Your goal:
Write every line below out again exactly, images omitted.

The data section start

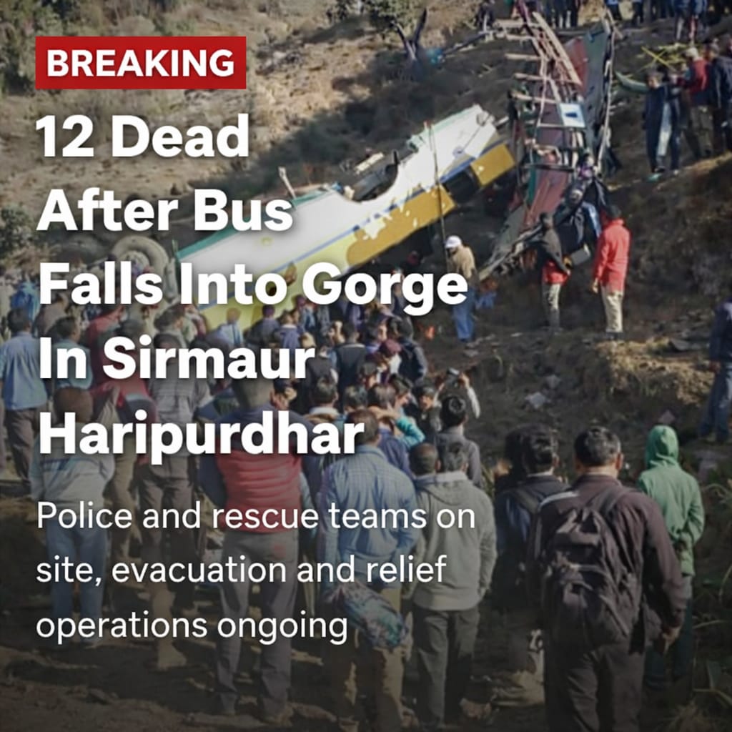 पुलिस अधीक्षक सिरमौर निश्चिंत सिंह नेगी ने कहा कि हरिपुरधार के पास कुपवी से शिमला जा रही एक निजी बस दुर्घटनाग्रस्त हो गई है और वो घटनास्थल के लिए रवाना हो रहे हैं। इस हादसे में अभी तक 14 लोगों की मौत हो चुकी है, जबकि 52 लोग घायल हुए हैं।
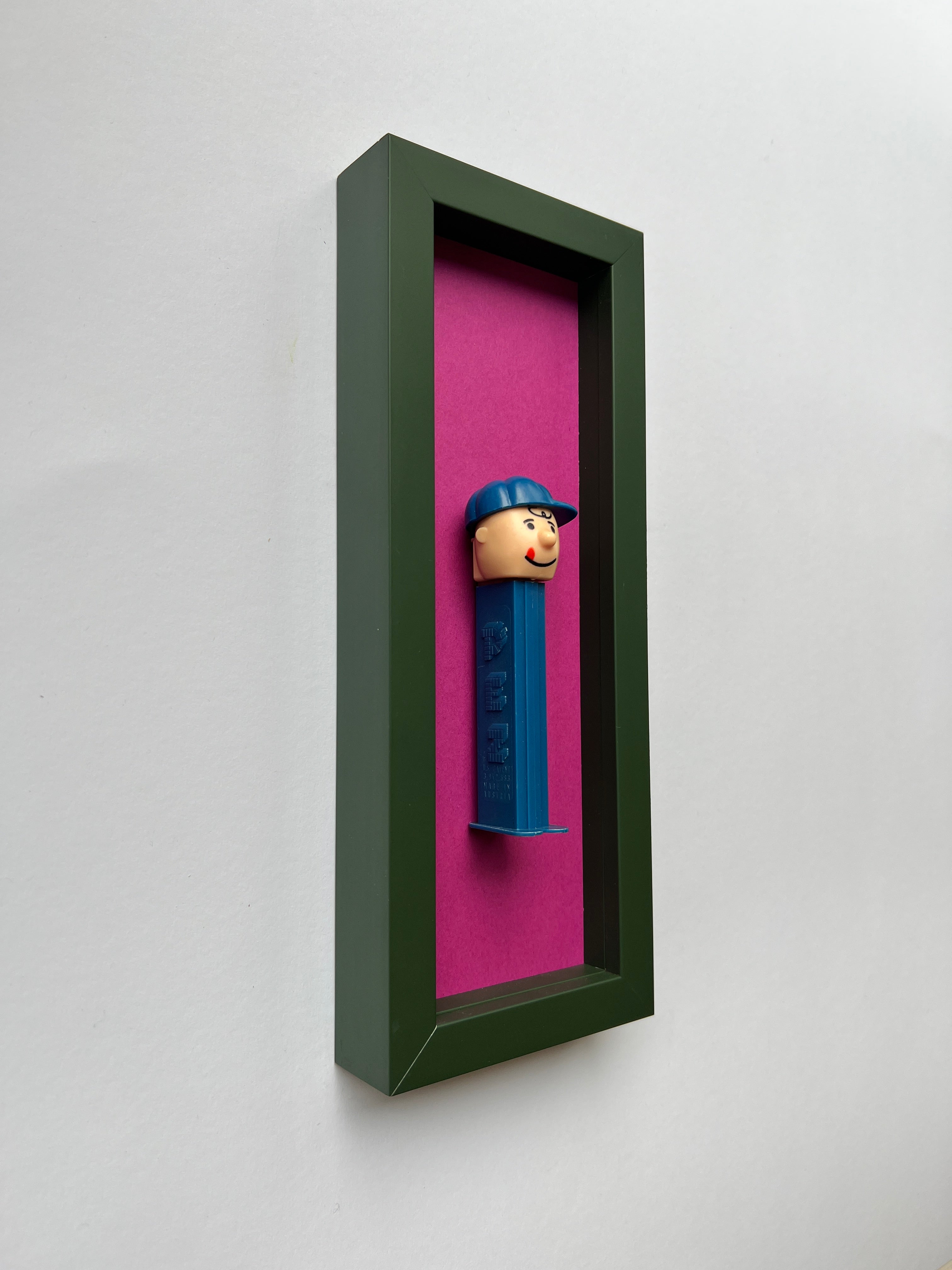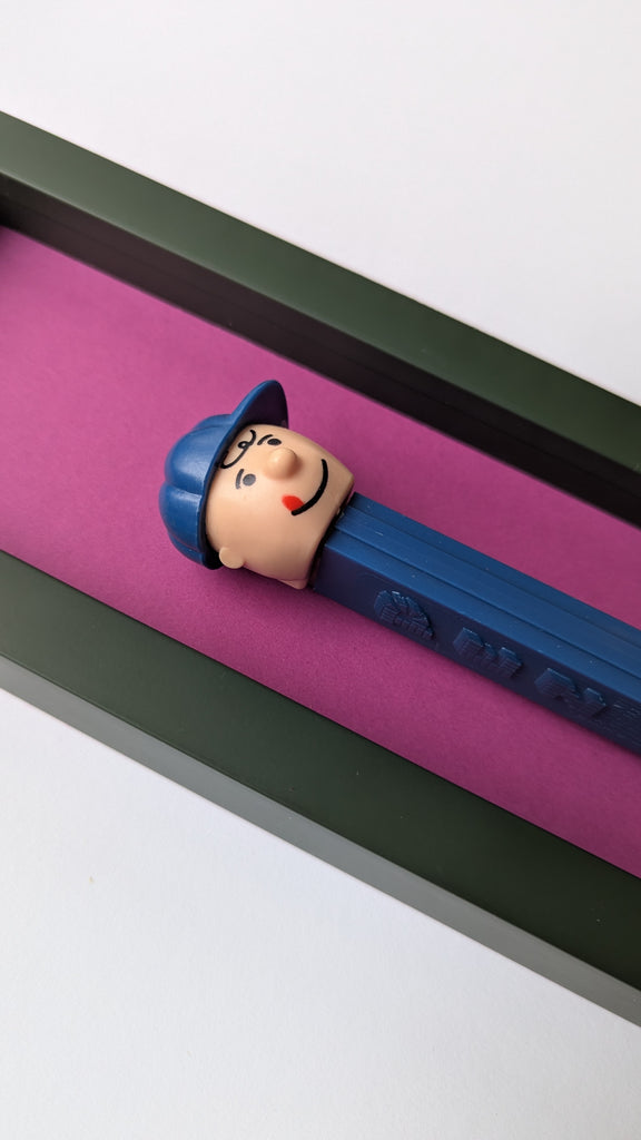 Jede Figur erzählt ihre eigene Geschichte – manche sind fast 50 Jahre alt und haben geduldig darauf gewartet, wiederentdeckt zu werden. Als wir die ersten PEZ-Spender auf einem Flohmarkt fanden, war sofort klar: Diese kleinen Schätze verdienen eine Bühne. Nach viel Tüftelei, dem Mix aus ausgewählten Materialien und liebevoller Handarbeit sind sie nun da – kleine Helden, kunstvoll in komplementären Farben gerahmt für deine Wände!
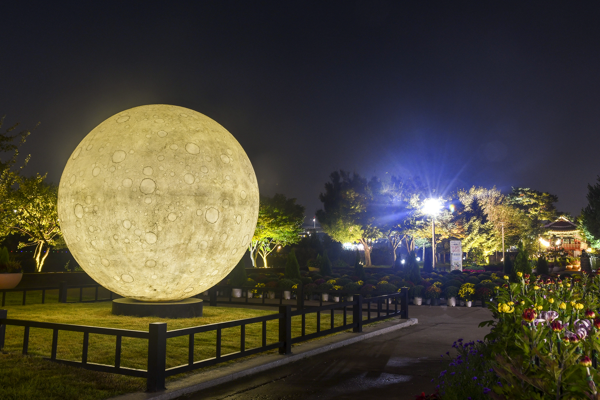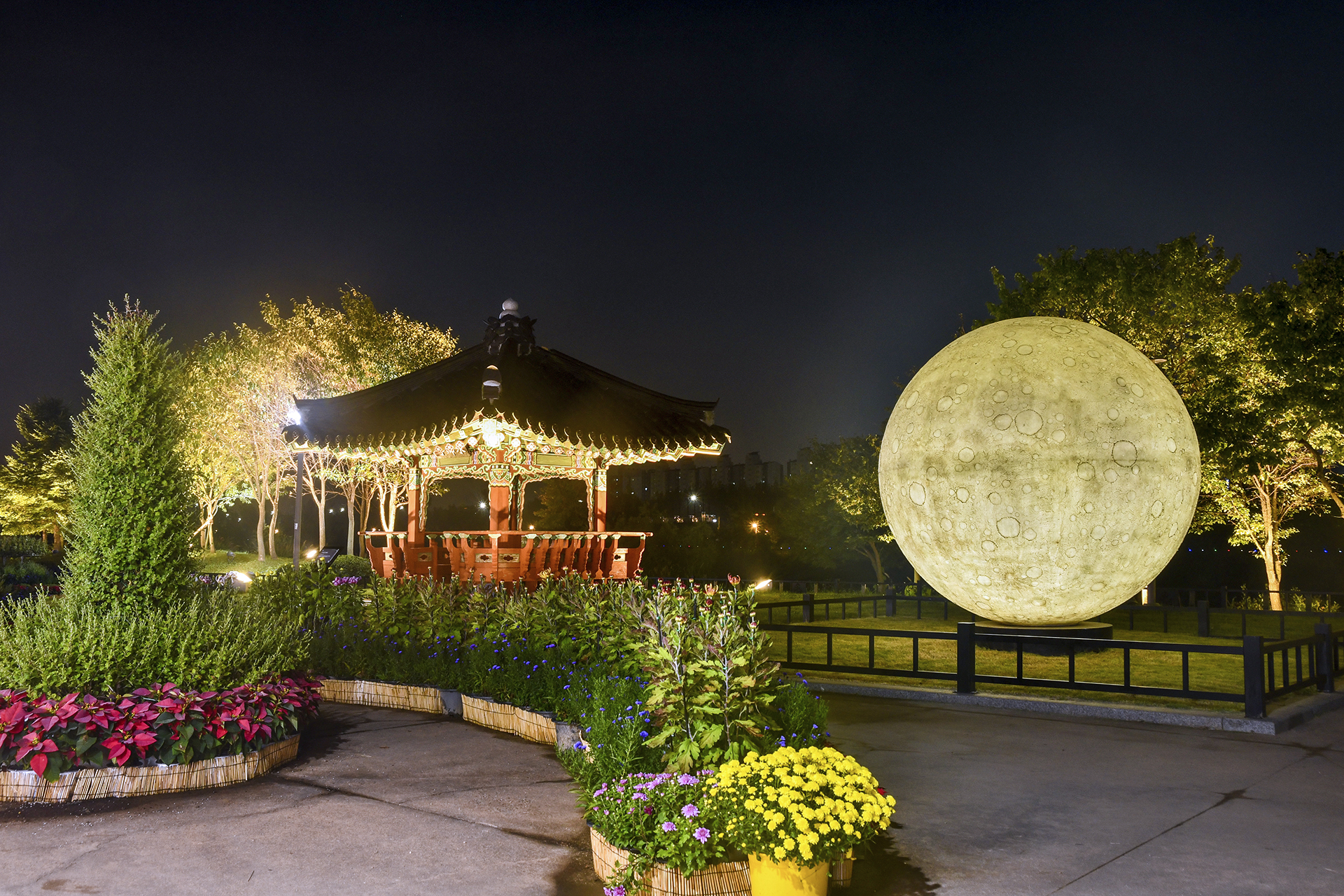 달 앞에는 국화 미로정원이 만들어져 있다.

The data section end

Output for this task:
 पुलिस अधीक्षक सिरमौर निश्चिंत सिंह नेगी ने कहा कि हरिपुरधार के पास कुपवी से शिमला जा रही एक निजी बस दुर्घटनाग्रस्त हो गई है और वो घटनास्थल के लिए रवाना हो रहे हैं। इस हादसे में अभी तक 14 लोगों की मौत हो चुकी है, जबकि 52 लोग घायल हुए हैं।
 Jede Figur erzählt ihre eigene Geschichte – manche sind fast 50 Jahre alt und haben geduldig darauf gewartet, wiederentdeckt zu werden. Als wir die ersten PEZ-Spender auf einem Flohmarkt fanden, war sofort klar: Diese kleinen Schätze verdienen eine Bühne. Nach viel Tüftelei, dem Mix aus ausgewählten Materialien und liebevoller Handarbeit sind sie nun da – kleine Helden, kunstvoll in komplementären Farben gerahmt für deine Wände!
 달 앞에는 국화 미로정원이 만들어져 있다.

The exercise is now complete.